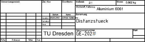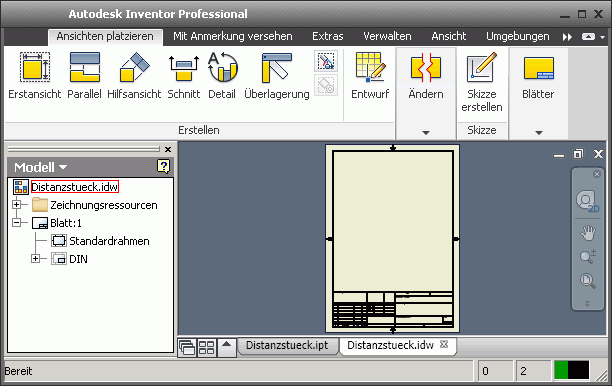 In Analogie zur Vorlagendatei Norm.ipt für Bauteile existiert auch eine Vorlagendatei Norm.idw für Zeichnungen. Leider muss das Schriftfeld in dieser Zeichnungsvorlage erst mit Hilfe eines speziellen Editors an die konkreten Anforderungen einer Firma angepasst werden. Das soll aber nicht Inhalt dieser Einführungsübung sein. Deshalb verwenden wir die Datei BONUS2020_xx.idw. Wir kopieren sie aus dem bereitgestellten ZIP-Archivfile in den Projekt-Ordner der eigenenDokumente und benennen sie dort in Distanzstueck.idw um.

+++

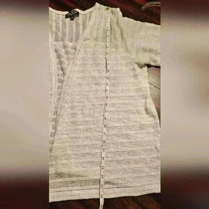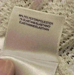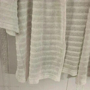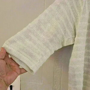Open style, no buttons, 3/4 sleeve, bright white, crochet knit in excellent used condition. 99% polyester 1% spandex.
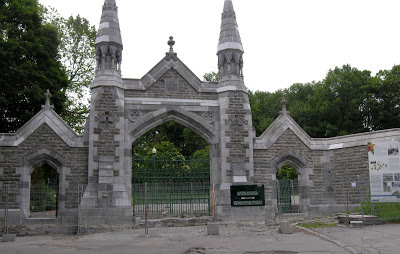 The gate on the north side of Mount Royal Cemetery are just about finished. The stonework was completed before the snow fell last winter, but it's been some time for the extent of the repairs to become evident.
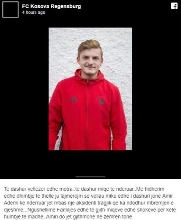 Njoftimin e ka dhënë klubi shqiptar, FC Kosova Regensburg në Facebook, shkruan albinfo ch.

+++

Task objective: Starting with the line that has "Open style, no" and ending with the line that has "Njoftimin e ka", repeat the lines above exactly, omitting every picture.

Output for this exercise:
Open style, no buttons, 3/4 sleeve, bright white, crochet knit in excellent used condition. 99% polyester 1% spandex.
 The gate on the north side of Mount Royal Cemetery are just about finished. The stonework was completed before the snow fell last winter, but it's been some time for the extent of the repairs to become evident.
 Njoftimin e ka dhënë klubi shqiptar, FC Kosova Regensburg në Facebook, shkruan albinfo ch.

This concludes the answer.